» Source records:
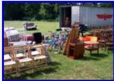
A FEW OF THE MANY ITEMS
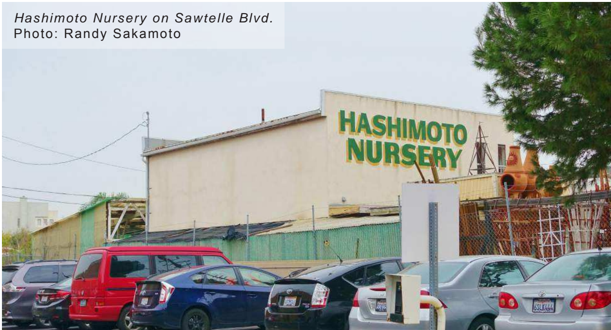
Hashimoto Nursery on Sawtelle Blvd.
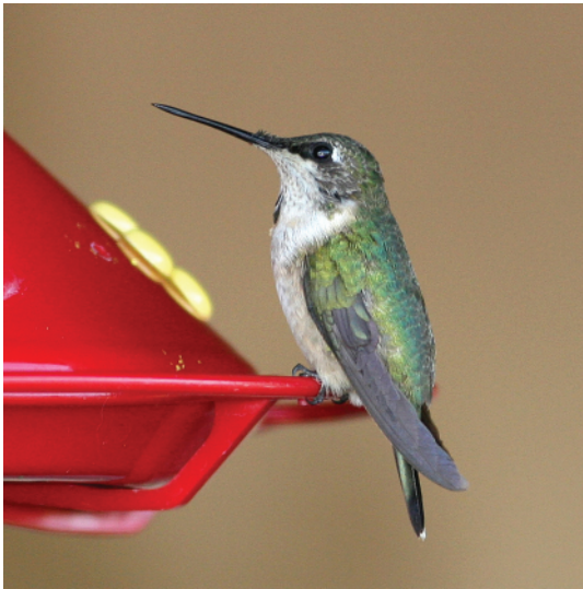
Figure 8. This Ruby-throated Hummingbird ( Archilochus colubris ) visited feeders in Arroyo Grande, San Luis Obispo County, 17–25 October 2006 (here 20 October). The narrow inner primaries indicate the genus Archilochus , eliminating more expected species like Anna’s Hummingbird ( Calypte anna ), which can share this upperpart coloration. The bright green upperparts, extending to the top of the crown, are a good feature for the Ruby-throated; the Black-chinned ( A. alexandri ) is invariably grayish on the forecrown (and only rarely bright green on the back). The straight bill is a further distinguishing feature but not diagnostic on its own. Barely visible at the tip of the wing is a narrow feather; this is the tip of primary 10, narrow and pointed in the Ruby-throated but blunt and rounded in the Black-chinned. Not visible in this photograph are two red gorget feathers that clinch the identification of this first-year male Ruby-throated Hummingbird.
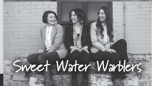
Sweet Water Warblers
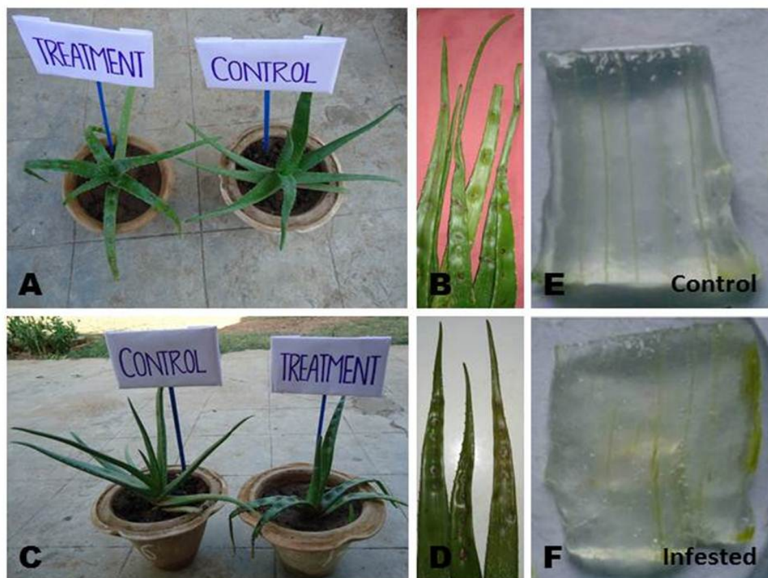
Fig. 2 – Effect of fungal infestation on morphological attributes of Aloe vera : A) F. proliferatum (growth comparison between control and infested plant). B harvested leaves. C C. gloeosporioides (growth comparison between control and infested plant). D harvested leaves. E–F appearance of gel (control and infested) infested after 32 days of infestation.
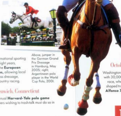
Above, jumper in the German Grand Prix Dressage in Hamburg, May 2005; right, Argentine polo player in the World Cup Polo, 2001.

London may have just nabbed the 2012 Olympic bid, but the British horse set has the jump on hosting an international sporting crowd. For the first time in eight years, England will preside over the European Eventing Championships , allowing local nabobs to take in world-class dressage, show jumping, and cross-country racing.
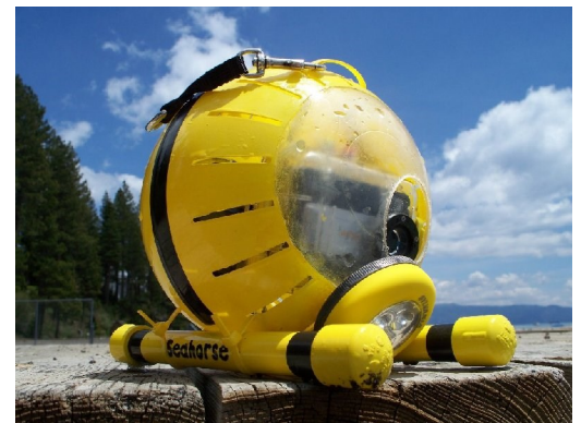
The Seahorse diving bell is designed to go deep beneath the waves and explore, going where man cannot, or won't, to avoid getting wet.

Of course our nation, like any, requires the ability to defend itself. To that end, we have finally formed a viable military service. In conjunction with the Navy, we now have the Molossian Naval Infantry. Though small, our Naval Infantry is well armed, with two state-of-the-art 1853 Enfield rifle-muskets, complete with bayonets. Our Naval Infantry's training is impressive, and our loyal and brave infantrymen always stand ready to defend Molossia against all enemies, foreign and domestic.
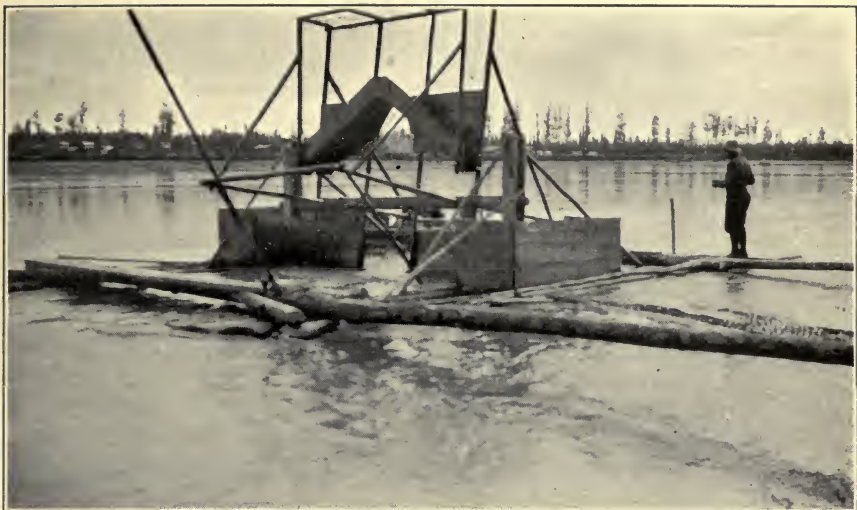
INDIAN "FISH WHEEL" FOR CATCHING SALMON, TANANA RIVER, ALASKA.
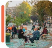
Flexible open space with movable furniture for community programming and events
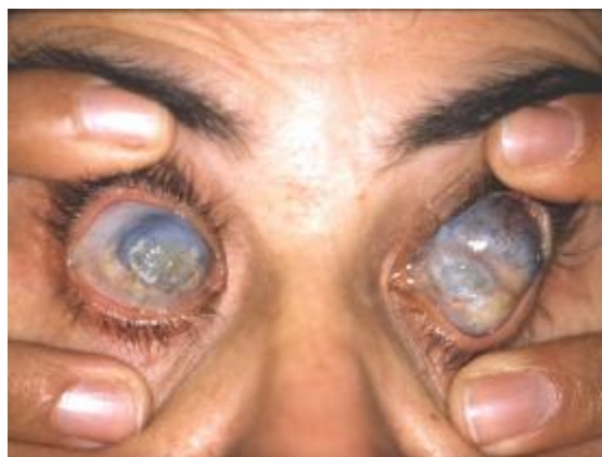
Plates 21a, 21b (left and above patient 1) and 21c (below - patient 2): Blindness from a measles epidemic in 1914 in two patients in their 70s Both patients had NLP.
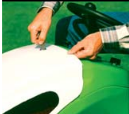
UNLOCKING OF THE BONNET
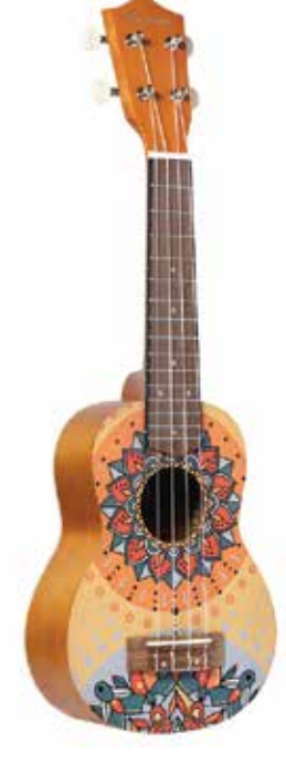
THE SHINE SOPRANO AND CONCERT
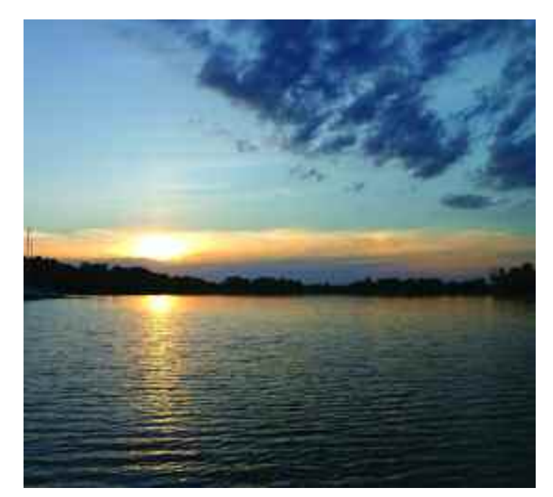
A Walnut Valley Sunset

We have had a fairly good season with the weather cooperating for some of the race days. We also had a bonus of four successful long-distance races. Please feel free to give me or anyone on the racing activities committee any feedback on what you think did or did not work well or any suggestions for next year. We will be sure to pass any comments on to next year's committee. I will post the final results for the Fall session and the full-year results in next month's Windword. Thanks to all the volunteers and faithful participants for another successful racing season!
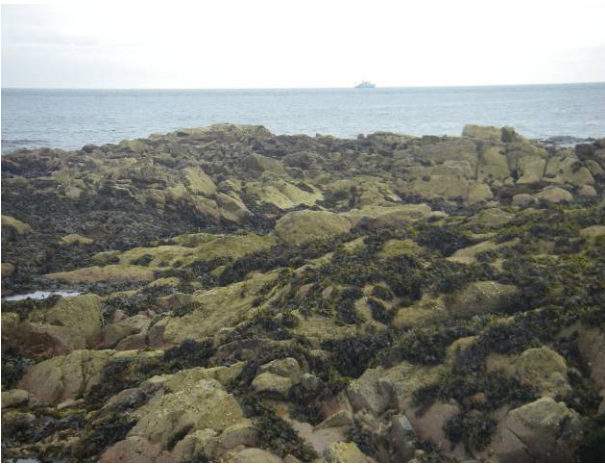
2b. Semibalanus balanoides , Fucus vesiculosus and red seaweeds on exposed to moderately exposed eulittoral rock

» Task item: Where a line above contains the word "with", copy that line.

» Exercise result:
Of course our nation, like any, requires the ability to defend itself. To that end, we have finally formed a viable military service. In conjunction with the Navy, we now have the Molossian Naval Infantry. Though small, our Naval Infantry is well armed, with two state-of-the-art 1853 Enfield rifle-muskets, complete with bayonets. Our Naval Infantry's training is impressive, and our loyal and brave infantrymen always stand ready to defend Molossia against all enemies, foreign and domestic.
Flexible open space with movable furniture for community programming and events
We have had a fairly good season with the weather cooperating for some of the race days. We also had a bonus of four successful long-distance races. Please feel free to give me or anyone on the racing activities committee any feedback on what you think did or did not work well or any suggestions for next year. We will be sure to pass any comments on to next year's committee. I will post the final results for the Fall session and the full-year results in next month's Windword. Thanks to all the volunteers and faithful participants for another successful racing season!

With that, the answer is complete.